#### [GIVEN MATERIAL]
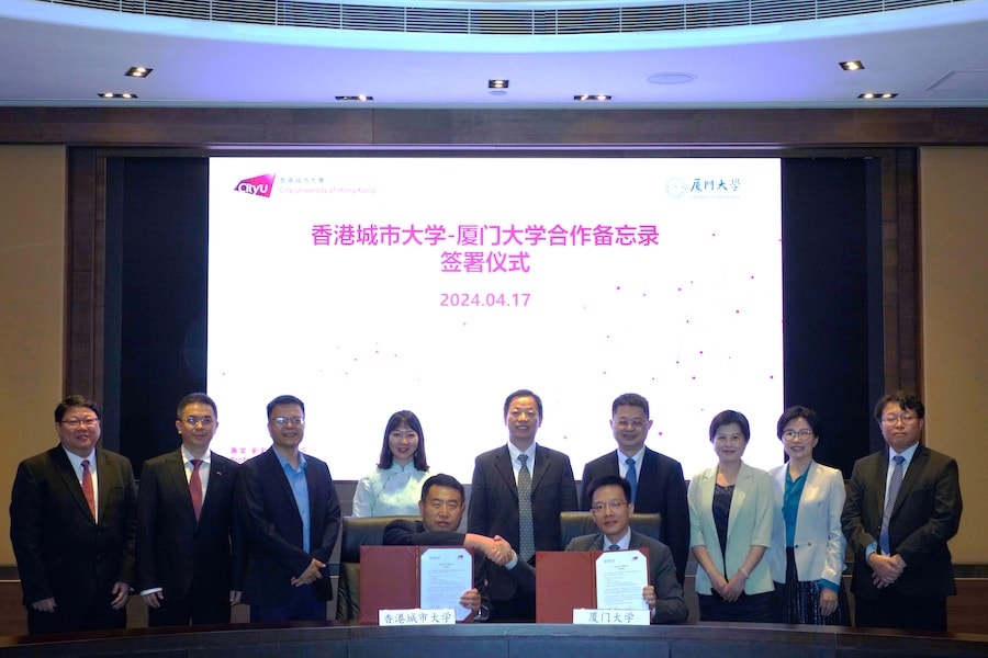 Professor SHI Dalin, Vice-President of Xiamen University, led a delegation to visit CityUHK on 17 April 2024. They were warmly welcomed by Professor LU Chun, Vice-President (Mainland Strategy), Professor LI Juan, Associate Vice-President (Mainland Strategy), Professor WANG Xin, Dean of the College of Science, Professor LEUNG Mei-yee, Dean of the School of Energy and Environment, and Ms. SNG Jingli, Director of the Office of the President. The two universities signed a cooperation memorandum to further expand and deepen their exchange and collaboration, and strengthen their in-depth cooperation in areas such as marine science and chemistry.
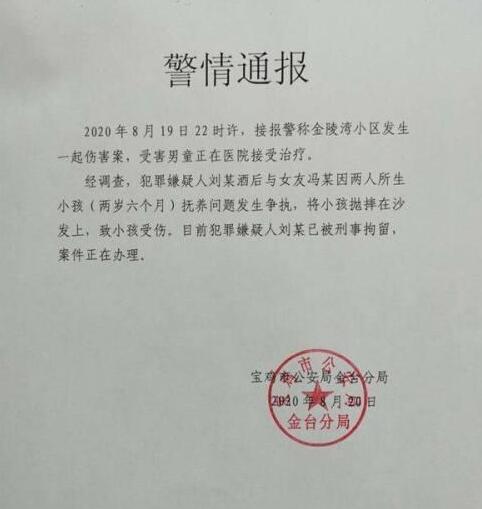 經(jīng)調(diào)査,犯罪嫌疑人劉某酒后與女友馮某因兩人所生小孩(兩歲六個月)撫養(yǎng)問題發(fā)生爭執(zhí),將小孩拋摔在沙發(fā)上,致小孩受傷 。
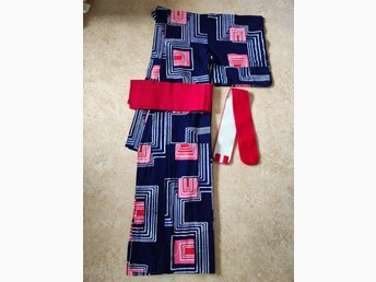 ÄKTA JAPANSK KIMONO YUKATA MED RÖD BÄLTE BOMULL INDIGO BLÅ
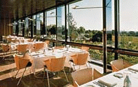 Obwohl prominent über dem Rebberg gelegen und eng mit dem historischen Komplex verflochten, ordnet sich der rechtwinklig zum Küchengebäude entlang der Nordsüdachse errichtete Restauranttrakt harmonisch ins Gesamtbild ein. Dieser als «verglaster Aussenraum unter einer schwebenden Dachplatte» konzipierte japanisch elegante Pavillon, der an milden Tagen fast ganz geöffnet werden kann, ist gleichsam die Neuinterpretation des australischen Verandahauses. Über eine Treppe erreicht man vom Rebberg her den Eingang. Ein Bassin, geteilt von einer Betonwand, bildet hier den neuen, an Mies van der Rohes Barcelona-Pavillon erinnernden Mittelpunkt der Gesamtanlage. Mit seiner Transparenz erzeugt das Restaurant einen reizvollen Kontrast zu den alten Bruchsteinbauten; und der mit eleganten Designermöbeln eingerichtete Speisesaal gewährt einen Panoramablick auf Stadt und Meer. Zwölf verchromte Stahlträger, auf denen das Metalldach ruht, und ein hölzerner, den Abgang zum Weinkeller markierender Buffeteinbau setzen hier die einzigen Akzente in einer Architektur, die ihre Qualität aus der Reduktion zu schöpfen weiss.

#### [PROBLEM REQUIREMENTS]
The answer must be the whole listing, word for word, with no pictures in it. Please write it out.

#### [ANSWER BELOW]
 Professor SHI Dalin, Vice-President of Xiamen University, led a delegation to visit CityUHK on 17 April 2024. They were warmly welcomed by Professor LU Chun, Vice-President (Mainland Strategy), Professor LI Juan, Associate Vice-President (Mainland Strategy), Professor WANG Xin, Dean of the College of Science, Professor LEUNG Mei-yee, Dean of the School of Energy and Environment, and Ms. SNG Jingli, Director of the Office of the President. The two universities signed a cooperation memorandum to further expand and deepen their exchange and collaboration, and strengthen their in-depth cooperation in areas such as marine science and chemistry.
 經(jīng)調(diào)査,犯罪嫌疑人劉某酒后與女友馮某因兩人所生小孩(兩歲六個月)撫養(yǎng)問題發(fā)生爭執(zhí),將小孩拋摔在沙發(fā)上,致小孩受傷 。
 ÄKTA JAPANSK KIMONO YUKATA MED RÖD BÄLTE BOMULL INDIGO BLÅ
 Obwohl prominent über dem Rebberg gelegen und eng mit dem historischen Komplex verflochten, ordnet sich der rechtwinklig zum Küchengebäude entlang der Nordsüdachse errichtete Restauranttrakt harmonisch ins Gesamtbild ein. Dieser als «verglaster Aussenraum unter einer schwebenden Dachplatte» konzipierte japanisch elegante Pavillon, der an milden Tagen fast ganz geöffnet werden kann, ist gleichsam die Neuinterpretation des australischen Verandahauses. Über eine Treppe erreicht man vom Rebberg her den Eingang. Ein Bassin, geteilt von einer Betonwand, bildet hier den neuen, an Mies van der Rohes Barcelona-Pavillon erinnernden Mittelpunkt der Gesamtanlage. Mit seiner Transparenz erzeugt das Restaurant einen reizvollen Kontrast zu den alten Bruchsteinbauten; und der mit eleganten Designermöbeln eingerichtete Speisesaal gewährt einen Panoramablick auf Stadt und Meer. Zwölf verchromte Stahlträger, auf denen das Metalldach ruht, und ein hölzerner, den Abgang zum Weinkeller markierender Buffeteinbau setzen hier die einzigen Akzente in einer Architektur, die ihre Qualität aus der Reduktion zu schöpfen weiss.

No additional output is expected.